# Table of contents
- [About Rid-kit](#about-rid-kit)
- [Use Rid-kit with Bohrium k8s](#use-rid-kit-with-bohrium-k8s)
- [Quick Start](#quick-start)
- [Use Rid-kit with Local k8s](#use-rid-kit-with-local-k8s)
- [Use Rid-kit without k8s environment](#use-rid-kit-without-k8s-environment)
- [Main procedure of RiD](#main-procedure-of-rid)
- [Preparing files in the input directory](#preparing-files-in-the-input-directory)
- [Configure simulations](#configure-simulations)
- [Configure machine resources](#configure-machine-resources)
- [Download files](#download-files-from-the-workflow)
- [Configure MCMC dimension reduction](#configure-mcmc)
- [Installation of environment on Slurm](#installation-of-environment-on-slurm)
- [Installation with DeepMD potential support](#installation-with-deepmd-potential-support)
- [Troubleshooting](#troubleshooting)
# About Rid-kit
Rid-kit is a package written in Python, designed to do enhanced sampling using reinforced dynamics. It aims to learn the free energy surface on the fly during MD run, and uses it as the bias potential during the next MD run. Its advantage is the ability to use a large number of CVs (100), thus can be used to simulate conformational changes of big molecules such as in the problem of protein folding.
Rid-kit is based on [dflow](https://github.com/deepmodeling/dflow), one can decide whether to use a k8s environment to run a workflow. It is recommended to use k8s environment to run the workflow unless it is not doable anyway.
For more information, check the [documentation](https://rid-kit-dflow.readthedocs.io/en/latest/).

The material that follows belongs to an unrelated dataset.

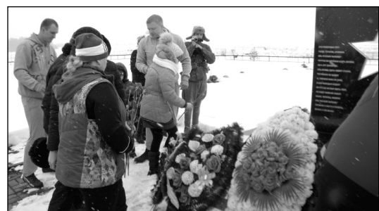
На «Ивановском поле». Мы память сохраним в сердцах навечно...

Завершением памятного мероприятия стал обед. Сол-

# Use Rid-kit with Bohrium k8s
## Quick start
The dflow team provide a community version of k8s [deepmodeling k8s](https://workflows.deepmodeling.com/), making the use of Rid-kit very convenient. To use the community version of k8s, one first need to register a Bohrium account in [Bohrium](https://bohrium.dp.tech/login) and learn a few concepts (job, jobgroup, project id) in the Bohrium website documents. Then the use of rid-kit is very easy.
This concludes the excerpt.